• _AIM OF THE EXERCISE_:
Please print exactly the lines below, from the start of the material up to and including the line with "This Fairchild plan", but none of the pictures.

*** Opening SUPPLIED RECORDS ***

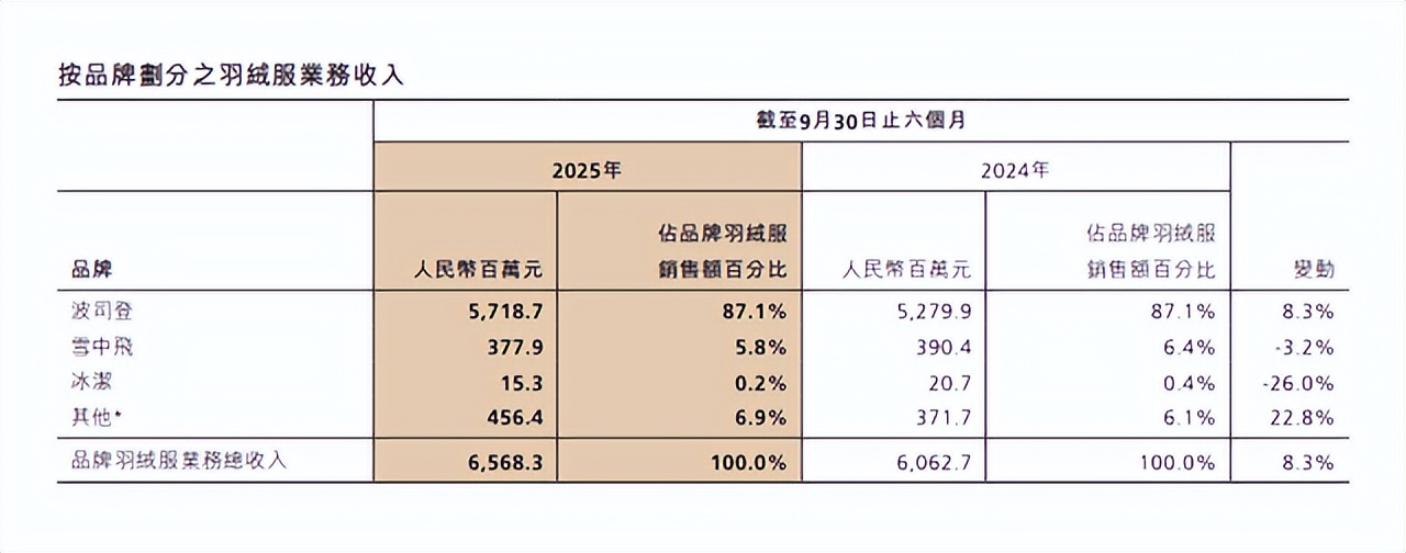根据波司登2025/26年中期报告显示,截至2025年9月30日,雪中飞占品牌羽绒服销售额百分比为5.8%,而冰洁更差,占比仅为0.2%。而且比起2024财年同期,雪中飞和冰洁的收入还出现了下滑,下滑幅度分别为3.2%和26%。
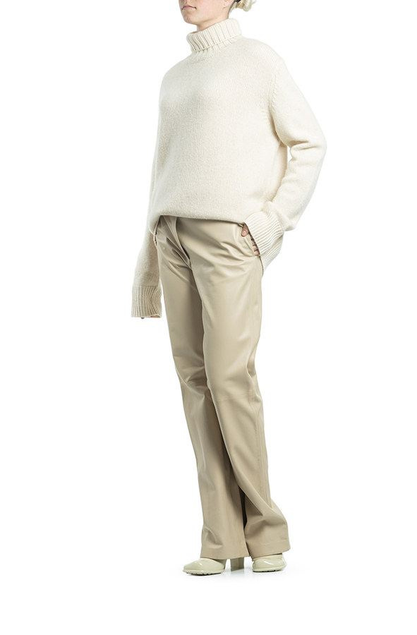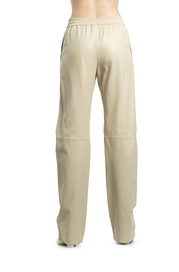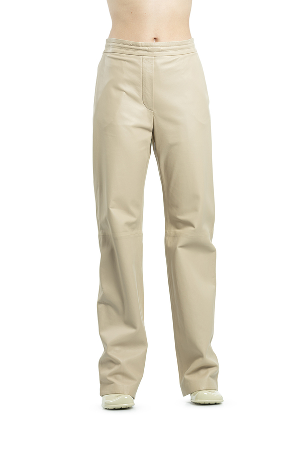 - Довгі прямі штани на резинці, з двома прорізними кишенями.
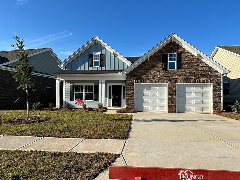 This Fairchild plan is a one-story, Craftsman-style three bedroom, two bath home. The kitchen boasts upgraded glacier gray cabinets, ceramic tile backsplash, a large peninsula with quartz countertops, cooktop, wall oven/microwave and hood over cooktop. The kitchen is open to the large family room featuring a corner fireplace, vaulted ceilings, and there is also an arched pass-through leading to the formal dining room, making it perfect for entertaining. The primary bedroom has access to the large screened-in porch that overlooks patio and fenced backyard. The secondary bedrooms share a full bath and are adjacent to the laundry room.
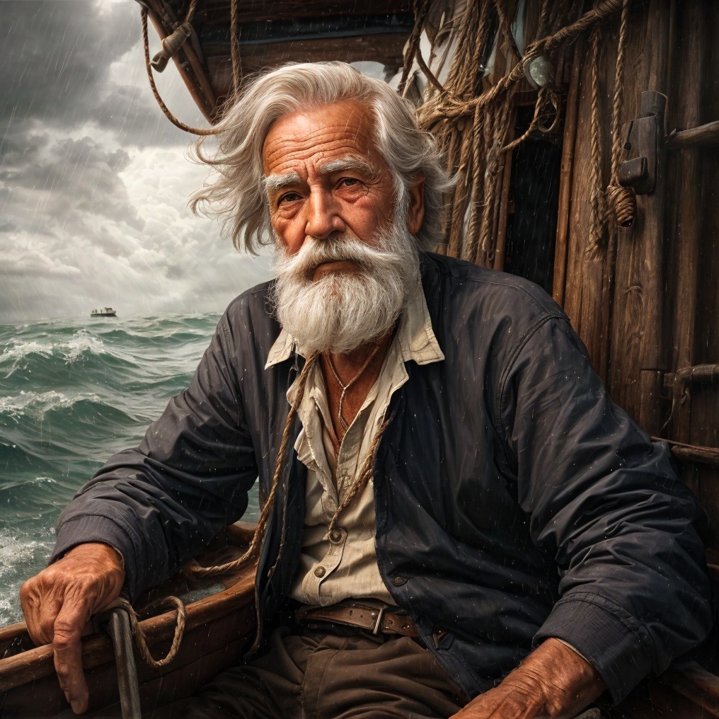 Elderly bearded sailor in blue jacket navigating stormy seas
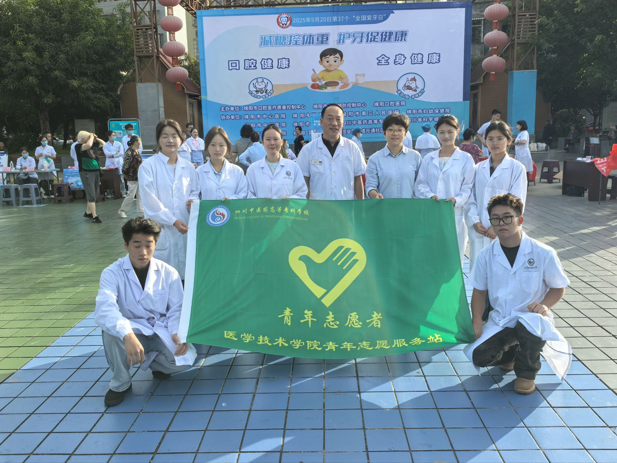 2025年9月20日,第37个“全国爱牙日”如约而至。此次以“口腔健康全身健康”为主题,由绵阳市口腔医疗质量控制中心主办的大型宣传活动在元通文化广场温情启幕。医学技术学院的数名学生志愿者在我院党总支书记、院长杨丹阳,口腔医学技术专业负责人宋海清教授及专业教师魏美娇的带领下,以专业志愿服务者的身份投身其中,将课堂知识转化为护牙行动,为市民送上“口腔健康大礼”。
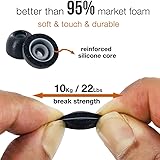 Upgrade 2 Layers : The eartips inner layer is silicone and outer is memory foam. It's more tough and durable than normal foam. Strong and Comfortable : Outer strong memory foam and Inner silicone tube.There is a buckle inside to hold tightly with earbuds. Break Strength is over 10kg / 22lbs. Better than 95% market eartips. Enhance Sound Quality : The memory foam tips noise isolation offers superior audio experience enhanced bass and good seal block out external noise. Packing List : 3 Pairs with S.M.L size in the packing . Packed by the hard PP box. TENNMAK exclusive. Note: Earbuds just for show. Doesn't include.

*** Closing SUPPLIED RECORDS ***

• _FINISHED TASK_:
根据波司登2025/26年中期报告显示,截至2025年9月30日,雪中飞占品牌羽绒服销售额百分比为5.8%,而冰洁更差,占比仅为0.2%。而且比起2024财年同期,雪中飞和冰洁的收入还出现了下滑,下滑幅度分别为3.2%和26%。
 - Довгі прямі штани на резинці, з двома прорізними кишенями.
 This Fairchild plan is a one-story, Craftsman-style three bedroom, two bath home. The kitchen boasts upgraded glacier gray cabinets, ceramic tile backsplash, a large peninsula with quartz countertops, cooktop, wall oven/microwave and hood over cooktop. The kitchen is open to the large family room featuring a corner fireplace, vaulted ceilings, and there is also an arched pass-through leading to the formal dining room, making it perfect for entertaining. The primary bedroom has access to the large screened-in porch that overlooks patio and fenced backyard. The secondary bedrooms share a full bath and are adjacent to the laundry room.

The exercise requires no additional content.